After receiving help from two good gentlemen, I managed to switch to the data tables from the + plyr data frame.
Situation and my questions
When I was working, I noticed that the peak memory usage almost doubled from 3.5 GB to 6.8 GB (according to the Windows task manager) when I added 1 new column using := to my dataset containing ~ 200 thousand rows for 2.5 thousand columns.
Then I tried a 200M row with 25 columns, the increase was from 6 to 7.6 GB before dropping to 7.25 GB after gc() .
In particular, regarding the addition of new columns, Matt Dole himself mentioned here that:
Using the: = operator, you can:
Add columns by reference Modify subsets of existing columns by reference, and by group by reference Delete columns by reference
None of these operations copy (potentially large) data. table at all, not even once.

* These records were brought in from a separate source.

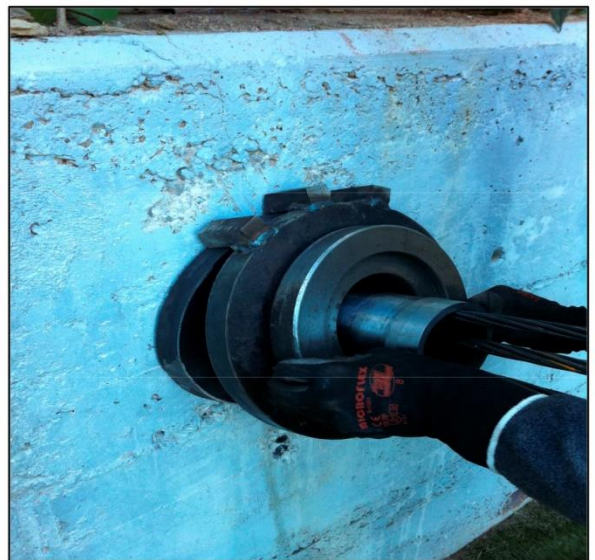
Apoyo para gato multifilar 1090kN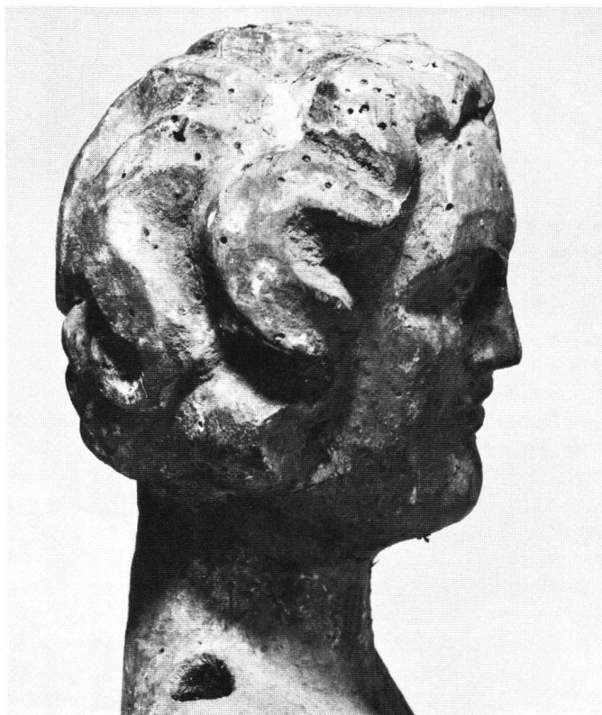
Abb. 4 Kopf des Engels im Profil.

Die Figur ist merklich nach links gekrümmt, wobei das Haupt die Krümmung noch betont; zugleich ist der Körper auch sanft nach hinten gebogen. Im rundlichen Haupt, das auf breitem Hals sitzt, scheinen Mund, Nase und Augen störend eng zusammengedrückt (Abb. 3). Das Haupthaar ist entlang der Schläfe und den Wangen in einer damals verbreiteten Art 9 frisiert; ein «Lockenmäander» zeichnet die modische Ohrlocke (des frühen 14. Jahrhunderts) zwar deutlich, lässt sie aber nicht als beherrschendes Motiv hervortreten (Abb. 3+4). Nach der Stellung der Arme zu schliessen, könnte der Engel eine Ampel oder ein Weihrauchfass getragen haben. Der Mantel bzw. der Überwurf ist um den rechten Oberarm geschlungen; an der linken Körperseite wird er hochgezogen, so dass er die Schulter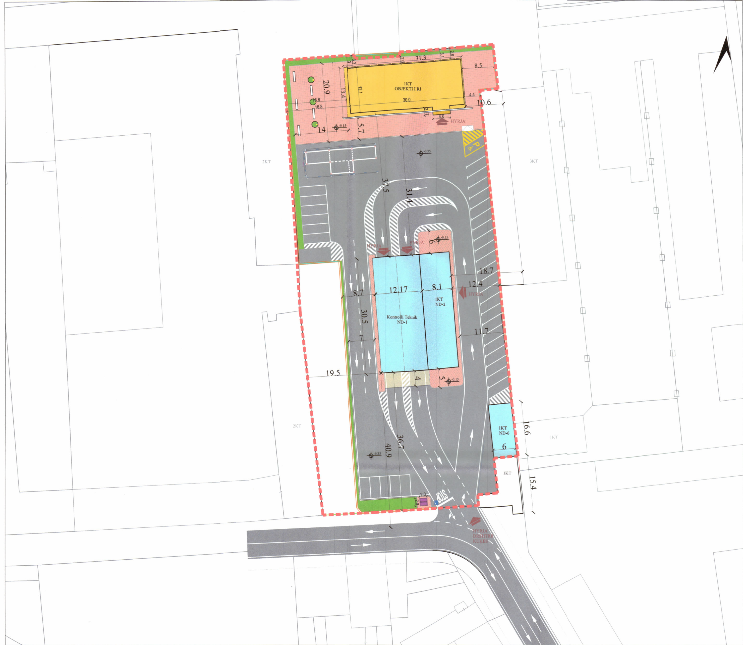
PLANI I VENDOSJES SË STRUKTURËS SHK. 1:500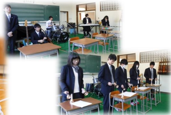
1,2年選択科目音楽 授業発表会の様子。写真は1年生です。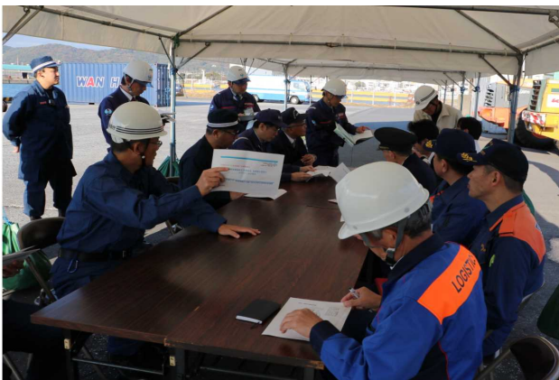
合同点検開催状況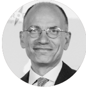
Enrico Letta Président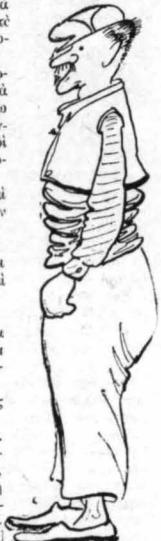
Χωροικός από τη Σουσαμιά.

"Καρεμβιον ή Βασιλιάς, εζονοδοχίον ή Βασιλιάς, εΚαρεμβιον ή Βασιλιάς.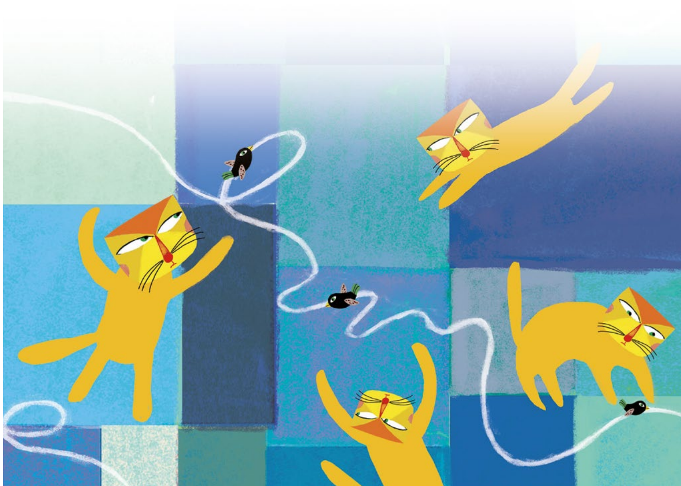
Illustration réalisée par Peggy Nille pour l'album Le Chat et l'oiseau , coll. «Pont des arts», L'Élan vert/CRDP de l'académie d'Aix-Marseille, 2011.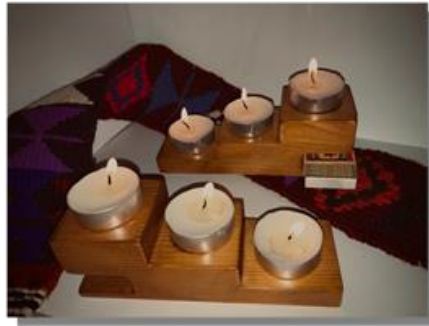
صورة رقم ( 10 )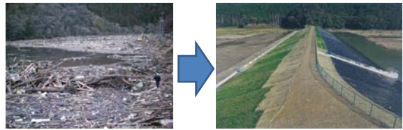
▲写真 県営災害復旧事業(施設)釜谷ため池被災前後(石巻市)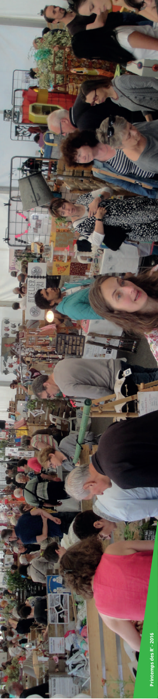
Printemps des R' - 2016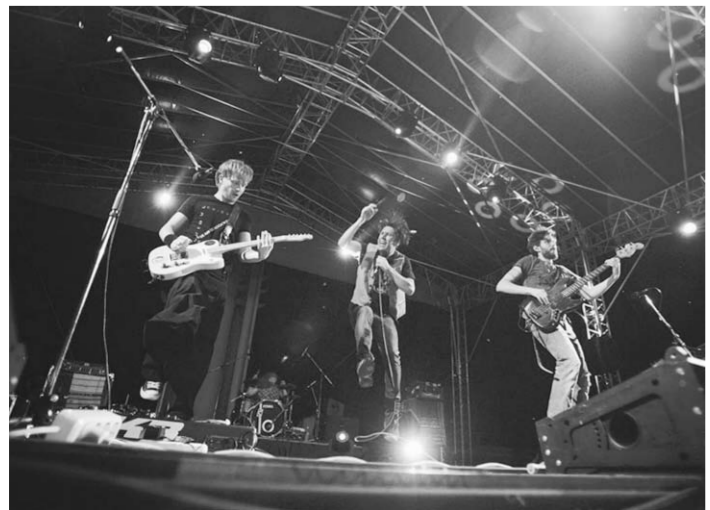
На сцене – Zdob si zdub.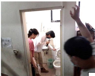
水電課程:馬桶修繕，簡易的故障排除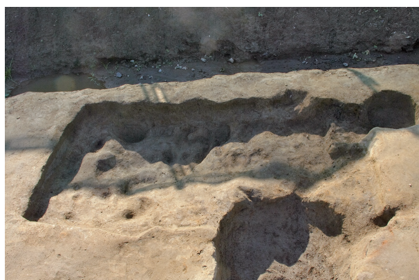
8 第 83 号土坑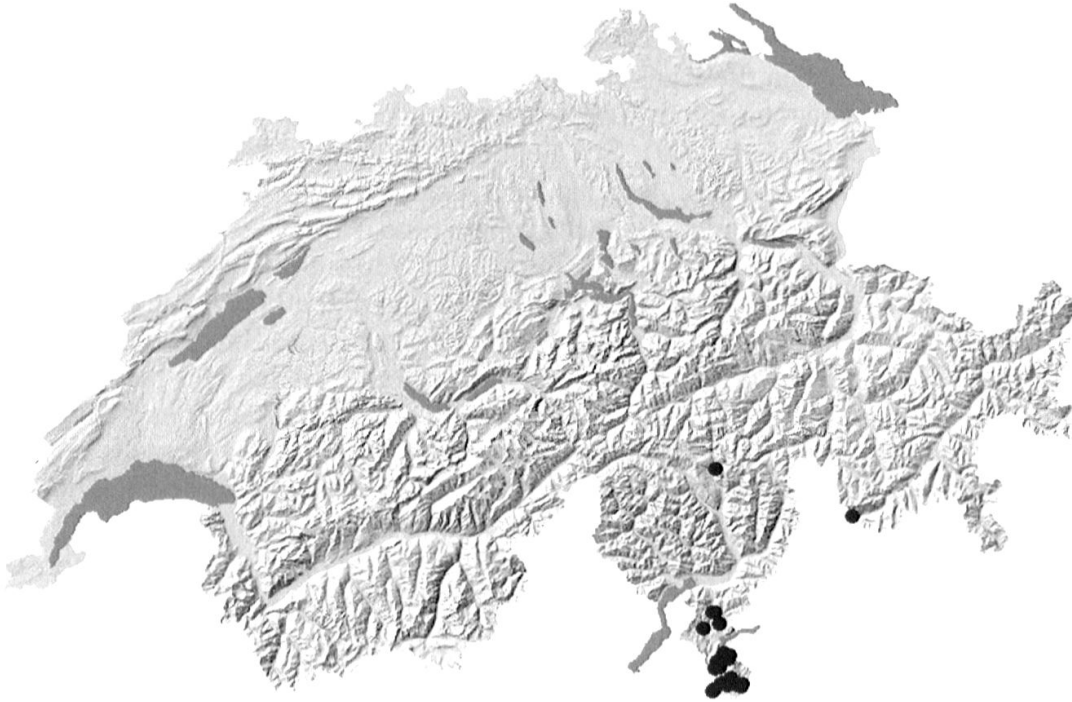
Abb. 6. Verbreitung der Edelkastaniengallwespe Dryocosmus kuriphilus in der Schweiz, Stand Herbst 2009. (Schwarze Punkte: Fundorte von Dryocosmus kuriphilus )

Torymus sinensis zwar nach wie vor vorhanden; die Befallsintensität an den japanischen Kastanien Castanea crenata sowie die gallwespenbedingten Ausfälle bei der Fruchtproduktion sind aber deutlich zurückgegangen. Weniger als 5 % der Triebe werden seither neu durch die Gallwespe befallen. Diese Freisetzung gilt als Paradebeispiel einer biologischen Bekämpfung mit einem eingeführten, natürlichen Feind.

Question 1: Why add one βNAβ column for DT with 2.5K columns, doubling the peak memory if the data table is not copied at all?
Question 2: Why does doubling not occur when the DT 200M x 25? I did not use a print screen for this, but feel free to change your code and try it.
Printscreens for memory usage using test code
Net restart, RStudio and MS Word open - 103 MB used 
Valid DT creation code, but before adding a column - 3.5 GB 
After adding 1 column filled with NA, but before using gc () - 6.8GB 
After running gc () - 3.5 GB 
Test code
To research, I executed the following test code, which accurately mimics my dataset:
library(data.table) set.seed(1) # Credit: Dirk Eddelbuettel answer in # https://stackoverflow.com/questions/14720983/efficiently-generate-a-random-sample-of-times-and-dates-between-two-dates RandDate <- function(N, st="2000/01/01", et="2014/12/31") { st <- as.POSIXct(as.Date(st)) et <- as.POSIXct(as.Date(et)) dt <- as.numeric(difftime(et,st,unit="sec")) ev <- runif(N, 0, dt) rt <- as.character( strptime(st + ev, "%Y-%m-%d") ) } # Create Sample data TotalNoCol <- 2500 TotalCharCol <- 3 TotalDateCol <- 1 TotalIntCol <- 600 TotalNumCol <- TotalNoCol - TotalCharCol - TotalDateCol - TotalIntCol nrow <- 200000 ColNames = paste0("C", 1:TotalNoCol) dt <- as.data.table( setNames( c( replicate( TotalCharCol, sample( state.name, nrow, replace = T ), simplify = F ), replicate( TotalDateCol, RandDate( nrow ), simplify = F ), replicate( TotalNumCol, round( runif( nrow, 1, 30 ), 2), simplify = F ), replicate( TotalIntCol, sample( 1:10, nrow, replace = T ), simplify = F ) ), ColNames ) ) gc() # Add New columns, to be run separately dt[, New_Col := NA ] # Additional col; uses excessive memory?
Research completed
I did not find too many discussions on memory usage for DT with many columns, only this , but even then it does not concern memory.
Most discussions about a large dataset + memory usage are related to DTs with a very large number of rows, but relatively few columns.
My system
Intel i7-4700 with 4-wire / 8-thread; 16 GB of RAM DDR3-12800; Windows 8.1 64-bit 500 GB 7200 rpm HDD; 64-bit R; Datasheet ver 1.9.4
Disclaimers
Please forgive me for using the "non-R" method (ie task manager) to measure the memory used. Measuring / profiling memory in R is something that I still do not understand.
Edit 1: After updating the data table version 1.9.5 and restarting. The problem persists, unfortunately.